Work item >>
Once the line with "Für Konnektivität stehen" is found in the data, output it and each following line exactly, up to and including the line with "Mecanismul de legănare", and nothing before or after.
━━━━━ Data supplied
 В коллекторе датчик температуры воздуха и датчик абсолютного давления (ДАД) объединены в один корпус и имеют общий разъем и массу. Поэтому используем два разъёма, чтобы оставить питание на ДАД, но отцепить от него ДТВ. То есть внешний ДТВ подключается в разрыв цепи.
━━━━━━━━━━
━━━━━ Data supplied
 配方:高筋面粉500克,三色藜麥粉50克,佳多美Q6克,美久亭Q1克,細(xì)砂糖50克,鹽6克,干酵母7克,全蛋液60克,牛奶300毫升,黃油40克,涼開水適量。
━━━━━━━━━━
━━━━━ Data supplied
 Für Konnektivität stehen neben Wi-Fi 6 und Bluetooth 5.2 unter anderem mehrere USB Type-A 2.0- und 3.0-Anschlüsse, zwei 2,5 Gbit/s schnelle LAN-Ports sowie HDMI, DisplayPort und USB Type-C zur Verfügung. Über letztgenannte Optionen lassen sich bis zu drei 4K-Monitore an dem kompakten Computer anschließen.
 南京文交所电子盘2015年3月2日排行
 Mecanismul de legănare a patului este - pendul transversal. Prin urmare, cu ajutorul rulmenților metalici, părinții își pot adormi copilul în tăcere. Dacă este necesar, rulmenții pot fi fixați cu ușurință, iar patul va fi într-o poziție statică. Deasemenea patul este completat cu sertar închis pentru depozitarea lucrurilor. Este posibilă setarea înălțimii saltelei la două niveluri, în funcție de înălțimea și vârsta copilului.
━━━━━━━━━━
Response below >>
 Für Konnektivität stehen neben Wi-Fi 6 und Bluetooth 5.2 unter anderem mehrere USB Type-A 2.0- und 3.0-Anschlüsse, zwei 2,5 Gbit/s schnelle LAN-Ports sowie HDMI, DisplayPort und USB Type-C zur Verfügung. Über letztgenannte Optionen lassen sich bis zu drei 4K-Monitore an dem kompakten Computer anschließen.
 南京文交所电子盘2015年3月2日排行
 Mecanismul de legănare a patului este - pendul transversal. Prin urmare, cu ajutorul rulmenților metalici, părinții își pot adormi copilul în tăcere. Dacă este necesar, rulmenții pot fi fixați cu ușurință, iar patul va fi într-o poziție statică. Deasemenea patul este completat cu sertar închis pentru depozitarea lucrurilor. Este posibilă setarea înălțimii saltelei la două niveluri, în funcție de înălțimea și vârsta copilului.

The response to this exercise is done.